ChatGPT: Your Teaching Assistant for Medical Education?

Presenting Author: Aditi Kesari - The University of Tennessee Health Science Center

Background
With the advent of multiple artificial intelligence (AI) platforms in recent times, it has become imperative for medical educators to recognize the applications as well as limitations of these tools in medical education. This study focuses on investigating the applications and limitations of ChatGPT, an AI-enabled tool, in biochemistry education in the medical curriculum.

Methods
ChatGPT, the AI-enabled tool developed by Open AI, was used for this study. To find the capabilities of this platform in medical education, prompts related to biochemistry topics covered in the medical curriculum were created. The responses generated by ChatGPT were then analyzed to determine the utility of ChatGPT in medical education.

Results
Multiple applications of ChatGPT in medical education were identified. Some of these included creating templates for curriculum objectives and session learning objectives, building case-based scenarios, generating formative/ summative questions with rationales, building concept maps, creating flashcards, and summarizing complex concepts. While ChatGPT could be a helpful tool, some inaccuracies, and shortcomings did come to light while generating these resources, which highlights the importance of critical evaluation of the material generated by these tools.

Conclusions
ChatGPT has the potential to be a helpful tool for both faculty and students with its various capabilities. It is, however, crucial to emphasize the importance of critical appraisal of information generated using these AI-enabled tools, while engaging in the responsible and transparent use of these technologies.

Categories:
Artificial Intelligence in Health Professions Education

Embracing Change: Chat GPT Generated Script Concordance Tests for Clinical Reasoning Assessment

Presenting Author: Daniel Novak - University of California Riverside
Co-Authors: Ian V.J. Murray - Alice L. Walton School of Medicine
Caitlin Wardlaw - University of Arkansas Medical School

Medical education must adapt to challenging times, including robust assessments of clinical reasoning that is founded in the best available science. Script Concordance Testing (SCT) is a process that assesses clinical reasoning skills by probing the illness scripts of healthcare professionals by comparing novices' scores to that of a panel of experts. It also serves as a learning tool, as it prompts learners to reevaluate initial diagnostic hypotheses when challenged with new additional ambiguous clinical information. However, adoption of SCT remains limited, with barriers such as difficulty in creating high-quality scenarios based on illness scripts, a panel of 10-20 experts, and that 20% of questions are discarded post-exam test. In this study, we demonstrate the development of a modified SCT (mSCT) using the artificial intelligence (AI) program, in which Chat GPT generates Likert scores, estimated probabilities, and metacognitive written justifications.
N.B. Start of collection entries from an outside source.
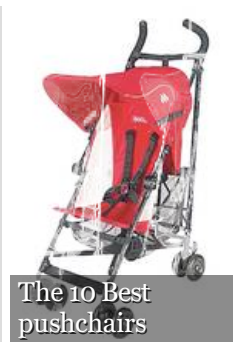
The 10 Best pushchairs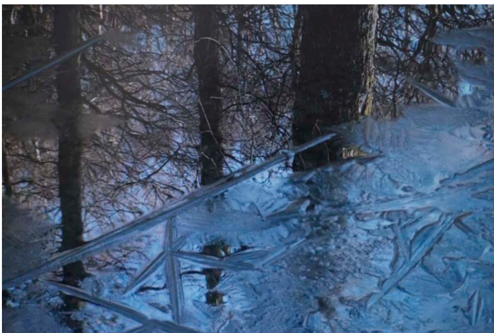
January 2011 (1) Brantwood . Still from the series of videos 'Ruskin's Ponds' - John Woodman, 2012.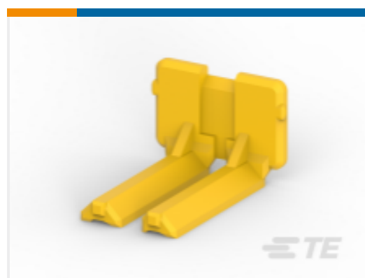
TE Part # 967631-1 2. KONT-SICHERUNG 9P

ChatGPT was trained to generate modified SCTs (mSCT) and include 3 Likert scores, written justification, and an estimation of diagnosis probability. The AI was trained using progressively optimized prompts and a case previously developed by the author. The mSCT format contained a brief case scenario with an initial diagnosis, and to probe illness scripts, presented a related symptom or one from a differential diagnosis. The AI also provided a Likert score and written justification of the answer. We evaluated the generated mSCTs for 10 common diseases using the prompt "write a modified SCT for [insert disease]" focused on [insert discipline, or concept, or add differential disease here]. The mSCT medical information and estimated probability were compared to those generated by a different AI developed to aid medical students with answering USMLE questions (MedQBot https://poe.com/MedQBot).)

These pilot results demonstrate that Chat GPT, from a simple prompt, automatically created complex mSCT for the 10 diseases, providing clinical presentation, patient information, and history, as well as Likert scores and medical justifications. mSCT ambiguity, or intersections between different illness scripts, was achieved by specifying a differential diagnosis or a less likely (-1) Likert score in the prompt. MedQBot provided similar justification and estimated probabilities for the mSCT but struggled to diagnose questions with more ambiguity.
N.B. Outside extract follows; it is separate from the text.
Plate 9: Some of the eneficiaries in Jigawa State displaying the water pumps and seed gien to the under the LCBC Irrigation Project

This pilot and novel application of AI lowers barriers to mSCT use, augmenting the creation of complex clinical mSCT with ambiguity and at the same time, providing Likert scoring and medical information justifying the diagnosis. While the AI cannot replace expert question review, it could augment score generation as the symptom-disease probability is known for many diseases. It is acknowledged that real-world mSCT validity and reliability testing more robust mSCT tests encompassing tests and treatment and more diseases and disciplines, are required.

Categories:
Curriculum: Curricular Transformation and Transition
Artificial Intelligence in Health Professions Education

Expert Evaluation of ChatGPT Responses to Clinically Integrated Questions in Medical Physiology

Presenting Author: Jennifer Connolly - Ross University School of Medicine
Co-Authors: Thomas Ferrari - Ross University School of Medicine
Oleksii Hliebov - Ross University School of Medicine

Since its inception in November 2022, there has been growing interest in the potential application of ChatGPT (Chat Generative Pre-Trained Transformer), an artificial intelligence chatbot developed by OpenAI, in medical education. While apparently capable of providing adequate responses to simple recall questions, the ability of ChatGPT to answer higher-order medical physiology questions remains unknown. This pilot study aimed to evaluate the correctness, completeness, and concordance of responses to questions by ChatGPT in the disciplines of cardiovascular, renal, and reproductive physiology as taught to first-year medical students.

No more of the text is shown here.